Set down each entry again exactly as written.
Data for the task below:
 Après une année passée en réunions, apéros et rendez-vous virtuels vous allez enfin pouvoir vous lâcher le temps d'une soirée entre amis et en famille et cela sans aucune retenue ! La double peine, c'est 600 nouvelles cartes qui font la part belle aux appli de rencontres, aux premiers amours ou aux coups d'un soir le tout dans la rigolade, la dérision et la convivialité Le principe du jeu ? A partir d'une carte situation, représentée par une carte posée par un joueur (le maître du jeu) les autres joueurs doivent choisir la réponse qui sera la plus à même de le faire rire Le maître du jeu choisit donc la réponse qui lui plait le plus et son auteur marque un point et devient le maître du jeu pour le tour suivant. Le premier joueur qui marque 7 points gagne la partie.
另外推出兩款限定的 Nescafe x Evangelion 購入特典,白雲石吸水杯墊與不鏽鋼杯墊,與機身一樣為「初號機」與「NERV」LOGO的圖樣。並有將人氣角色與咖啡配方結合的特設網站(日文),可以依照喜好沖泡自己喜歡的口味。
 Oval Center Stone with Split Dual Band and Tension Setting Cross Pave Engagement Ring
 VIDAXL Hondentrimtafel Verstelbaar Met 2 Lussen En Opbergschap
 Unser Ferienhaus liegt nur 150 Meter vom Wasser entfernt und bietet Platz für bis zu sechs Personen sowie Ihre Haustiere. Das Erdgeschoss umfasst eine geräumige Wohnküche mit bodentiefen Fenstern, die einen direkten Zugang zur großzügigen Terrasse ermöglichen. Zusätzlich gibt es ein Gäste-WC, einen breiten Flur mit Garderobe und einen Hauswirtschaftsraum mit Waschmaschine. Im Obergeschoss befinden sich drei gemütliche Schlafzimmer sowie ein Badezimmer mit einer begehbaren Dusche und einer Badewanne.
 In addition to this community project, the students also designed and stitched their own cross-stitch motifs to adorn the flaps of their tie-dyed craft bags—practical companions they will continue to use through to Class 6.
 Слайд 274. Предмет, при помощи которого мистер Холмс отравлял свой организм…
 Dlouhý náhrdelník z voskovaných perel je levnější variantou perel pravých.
End of Data for the task.
**The answer:**
 Après une année passée en réunions, apéros et rendez-vous virtuels vous allez enfin pouvoir vous lâcher le temps d'une soirée entre amis et en famille et cela sans aucune retenue ! La double peine, c'est 600 nouvelles cartes qui font la part belle aux appli de rencontres, aux premiers amours ou aux coups d'un soir le tout dans la rigolade, la dérision et la convivialité Le principe du jeu ? A partir d'une carte situation, représentée par une carte posée par un joueur (le maître du jeu) les autres joueurs doivent choisir la réponse qui sera la plus à même de le faire rire Le maître du jeu choisit donc la réponse qui lui plait le plus et son auteur marque un point et devient le maître du jeu pour le tour suivant. Le premier joueur qui marque 7 points gagne la partie.
另外推出兩款限定的 Nescafe x Evangelion 購入特典,白雲石吸水杯墊與不鏽鋼杯墊,與機身一樣為「初號機」與「NERV」LOGO的圖樣。並有將人氣角色與咖啡配方結合的特設網站(日文),可以依照喜好沖泡自己喜歡的口味。
 Oval Center Stone with Split Dual Band and Tension Setting Cross Pave Engagement Ring
 VIDAXL Hondentrimtafel Verstelbaar Met 2 Lussen En Opbergschap
 Unser Ferienhaus liegt nur 150 Meter vom Wasser entfernt und bietet Platz für bis zu sechs Personen sowie Ihre Haustiere. Das Erdgeschoss umfasst eine geräumige Wohnküche mit bodentiefen Fenstern, die einen direkten Zugang zur großzügigen Terrasse ermöglichen. Zusätzlich gibt es ein Gäste-WC, einen breiten Flur mit Garderobe und einen Hauswirtschaftsraum mit Waschmaschine. Im Obergeschoss befinden sich drei gemütliche Schlafzimmer sowie ein Badezimmer mit einer begehbaren Dusche und einer Badewanne.
 In addition to this community project, the students also designed and stitched their own cross-stitch motifs to adorn the flaps of their tie-dyed craft bags—practical companions they will continue to use through to Class 6.
 Слайд 274. Предмет, при помощи которого мистер Холмс отравлял свой организм…
 Dlouhý náhrdelník z voskovaných perel je levnější variantou perel pravých.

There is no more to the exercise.